Steve Miska, Executive Director, First Amendment Voice

Steve Miska is a Pacific Council member and the Executive Director of First Amendment Voice, a nonpartisan effort to reinvigorate civic awareness around free expression, religious liberty, press freedom, and other first amendment issues. Steve retired as a Colonel after 25 years in the Army. His last assignment was teaching graduate students for three years as the Army Chair at Marine Corps University. Previously, he served in the White House as Director for Iraq on the National Security Council. In 2007, on his second of three combat tours, Steve led a team that established an underground railroad for dozens of interpreters from Baghdad to Amman to the United States. He earned top academic honors as a Counterterrorism Fellow at the College of International Security Affairs and has taught economics at the United States Military Academy, West Point. Steve routinely speaks on first amendment issues and soft networks and has addressed DIA, RAND, the Pacific Council on International Policy, the Young Presidents Organization of LA, and numerous media outlets and think tanks. He holds degrees from Cornell University, National Defense University, and West Point. He and his wife of 29 years have two children and reside in Southern California. Read more.

Moderator:

Emma Sky, Director, Maurice R. Greenberg World Fellows Program, and Senior Fellow, Yale University’s Jackson Institute

Emma Sky is the author of the highly acclaimed The Unravelling: High Hopes and Missed Opportunities in Iraq (2015) and In a Time of Monsters: Travelling in a Middle East in Revolt (2019).
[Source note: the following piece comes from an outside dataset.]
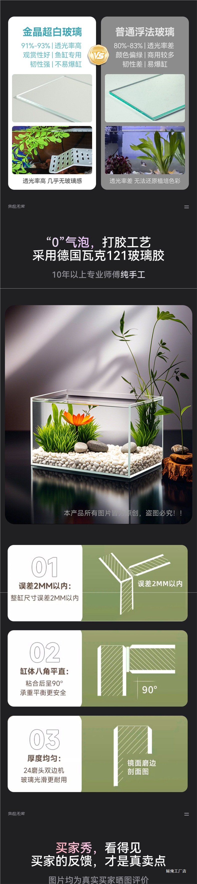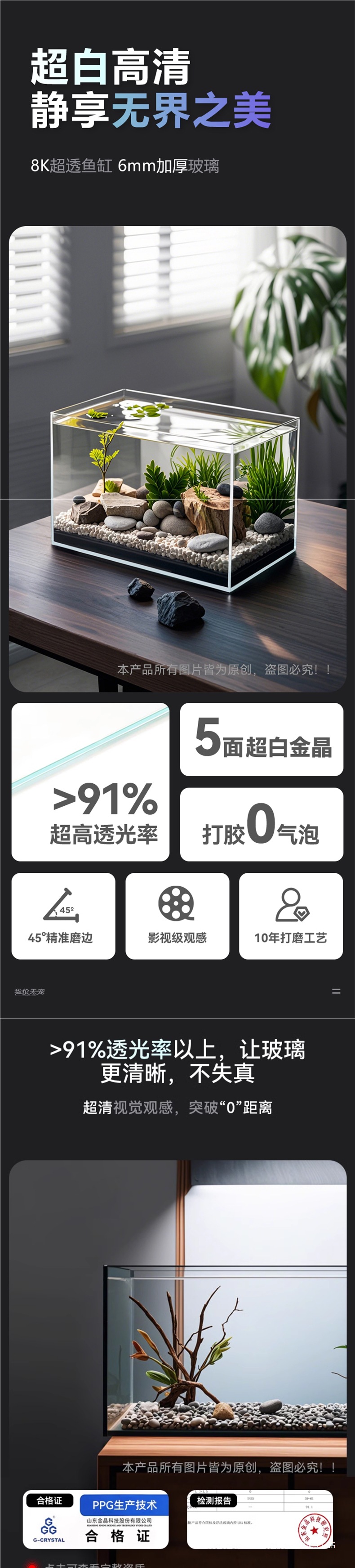 2025 새로운 슈퍼 화이트 어항 거실 작은 금 크리스탈 유리 광장 거북이 생태 스트림 탱크 홈 데스크톱

Emma served as advisor to the Commanding General of US Forces in Iraq from 2007-2010; as advisor to the Commander of NATO’s International Security Assistance Force in Afghanistan in 2006; as advisor to the US Security Co-ordinator for the Middle East Peace Process in 2005; and as Governorate Co-ordinator of Kirkuk for the Coalition Provisional Authority, 2003-2004. Read more.

Background:

Baghdad Underground Railroad: Saving American Allies in Iraq explores how a small team of soldiers tried to save their interpreters, and themselves, amidst extreme violence during the Iraq War. Two-thirds of the story is set in Iraq with the final third exploring how the interpreters assimilated within the United States with the courageous women who sponsored them.
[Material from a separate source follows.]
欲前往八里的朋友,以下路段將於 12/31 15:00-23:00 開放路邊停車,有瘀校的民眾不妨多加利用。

We may never know the full toll of the post-9/11 wars. The staggering cost of the two-decade-long conflict, and its future consequences, are only just beginning to be understood as the United States prepares to fully withdraw troops from Afghanistan and Iraq before the 20th anniversary of the 9/11 attacks. As the final chapter of America’s longest war nears, what are the biggest problems facing veterans returning home? What does it mean to be a military vet in the United States today? And what does the U.S. government owe local allies such as the translators and interpreters who served alongside American forces? 
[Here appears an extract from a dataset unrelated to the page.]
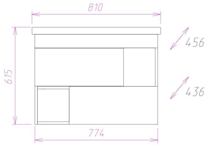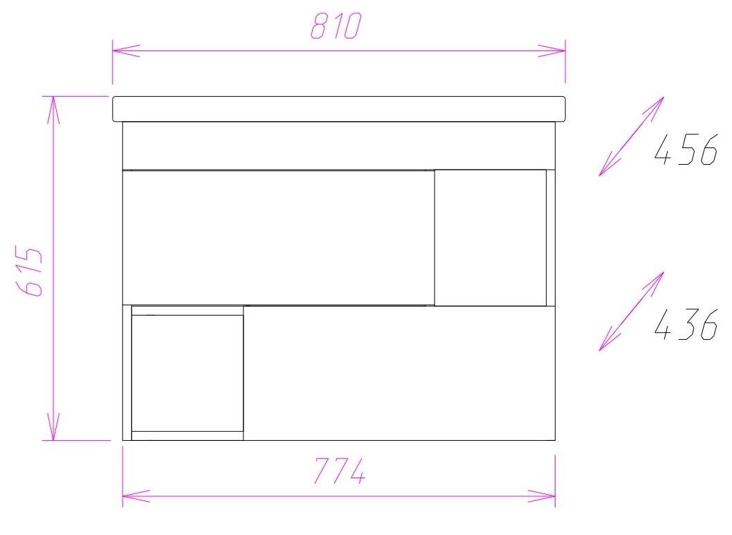 Размеры тумбы без учета раковины 77x44x57 cм.

Steve Miska, a U.S. Army veteran who retired as a Colonel after 25 years in the Army, led the “Baghdad Underground Railroad” that helped dozens of interpreters escape sectarian violence in 2007. The author of the new book Baghdad Underground Railroad: Saving American Allies in Iraq chronicling that experience, he is currently the executive director of First Amendment Voice and conducts pro bono work to support nonprofits that help former interpreters.